Yang paling penting, lanjutnya, masyatakat yang menjadi korban banjir khusus di Kabupaten Jeneponto, akan diberikan tambahan beras sebanyak tiga ton. 

Diketahui sebelumnya, bantuan sembako berupa beras yang diserahkan Wakil Gubernur Sulsel Andi Sudirman Sulaiman sebanyak tiga ton. 

Dengan demikian maka, bantuan beras untuk Jeneponto sudah mencapai enam ton beras.

Selain itu, Gubernur Sulsel juga meminta bantuan kepada pihak TNI, Kepolisian dan seluruh stakeholder untuk turun melakukan kerja gotong royong, untuk memulihkan keadaan para korban banjir tersebut.

"Kita harus turunkan cepat bantuan, karena saya lihat tadi, masyarakat sudah pada teriak meminta bantuan pemerintah. Jadi kita pemerintah harus hadir untuk masyarakat," tutur mantan Bupati Bantaeng dua periode itu.

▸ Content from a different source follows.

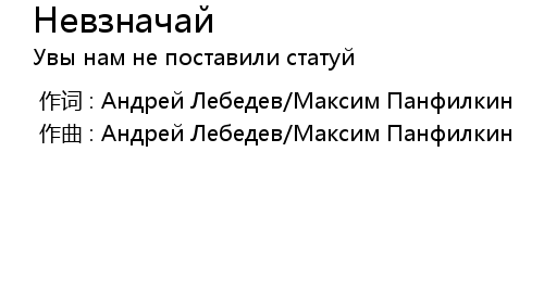 | [00:00.000] | 作词 : Андрей Лебедев/Максим Панфилкин |

Terpisah, Bupati Jeneponto, Iksan Iskandar mengaku, sangat bersyukur atas kedatangan Gubernur Sulsel yang kesekian kalinya di Kabul Jeneponto. 

Selain itu, dia berharap dengan kehadiran orang nomor satu di Sulsel ini, dapat memberikan perhatian, termasuk untuk daerah lainnya yang terkena dampak. 

"Kami memohon dari teman yang lainnya untuk bantuannya. Tapi kami sudah menurunkan semua bantuan yang ada di gudang, termasuk bantuan logistik dari Pemprov Sulsel sendiri," pungkasnya.